You keep up the marital bond by building a parental bond. You do things to help each other. You pick up milk on the way home, move laundry from washer to the dryer, occupy the little ones so dad can learn with the bigger ones. These are the unspoken parental bonds that are in place by the time the children come because the parents spent years learning to be in synch with each other and alert to each other’s needs.
However, it is not fair and not realistic to expect every need to be anticipated by your spouse. Part of the parental bond is the confidence that you can ask for something and your request will always be treated with respect and caring even if it cannot be met.
Okay, Rabbi Ackerman, but what about when my wife and I simply disagree on some parenting matter? How does the parental bond come into play then?
Many people think that parents have to be on the same page about everything. They believe that if one parent disagrees with the other, that parent is undermining the other parent’s authority. They think that the child will get mixed messages or won’t honor his parents properly.
That’s a fallacy. It’s unrealistic and unnecessary. When parents model respectful disagreement, children learn respect. When parents model disrespect toward one another, children learn disrespect. Parents don’t always need to agree which each other. They don’t have to be “on the same page.” Disagreement is not a cause or an excuse for disrespect. It is an opportunity for respect and tolerance.
But won’t the children get mixed messages?
No. That’s an often misapplied term. When you frown and say, “Okay, go ahead,” you are sending a mixed message. Your words say the opposite of the message conveyed by the expression on your face. Simultaneous and contradictory messages like that are mixed messages. When a mother allows a child to kneel on his chair at the table when Dad isn’t eating with them, and tells the child he has to sit on the chair when Dad is at the table, that’s not a mixed message. That is a respectful difference of opinion.
Dad knows very well that Mom allows the children to kneel on their chairs when he isn’t there, and he respects her opinion to allow that. Mom respects Dad’s preference when Dad is there. And the children know that there is a different expectation for how to be at the table when Dad is there and when Dad is not there.
When it comes to your preferences, you may not always agree. When that happens, you have the opportunity to show your children that you respect each other as different and equal, as succinctly put by the Maharal, “Husband and wife are kenegdo. This means they are equals.” (Chiddushei Aggados, Yevamos 62b)
When you and your spouse are on different pages, sit down with your child and tell her. Explain what you prefer, and let your spouse explain what she prefers, and then assure your child that she’ll be told whose rules to follow if you and your spouse are taking turns.
When it comes to a child defying the spouse or showing disrespect, each spouse should advocate for the other. If your child complains about your spouse’s rules, then say, “If Abba says this is what he wants you to do, I expect you to listen.”

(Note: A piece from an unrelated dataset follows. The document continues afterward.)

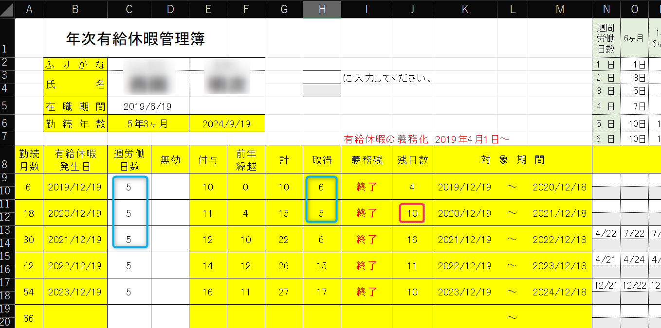 取得のところは数式が入っていますが、気にせず実績に応じて数値を手入力します。取得状況がわからない場合は、図の残日数のところ(赤枠)を手入力してください。

But don’t we have to be consistent?
Yes, be consistently respectful toward your spouse. Consistency certainly has its place. But as Emerson put it, “A foolish consistency is the hobgoblin of little minds.”
Model and teach your child to respect different opinions and preferences rather than believing that when there is disagreement, only one person can be right. Make sure they see that a healthy and strong parental bond allows for each parent to be an individual.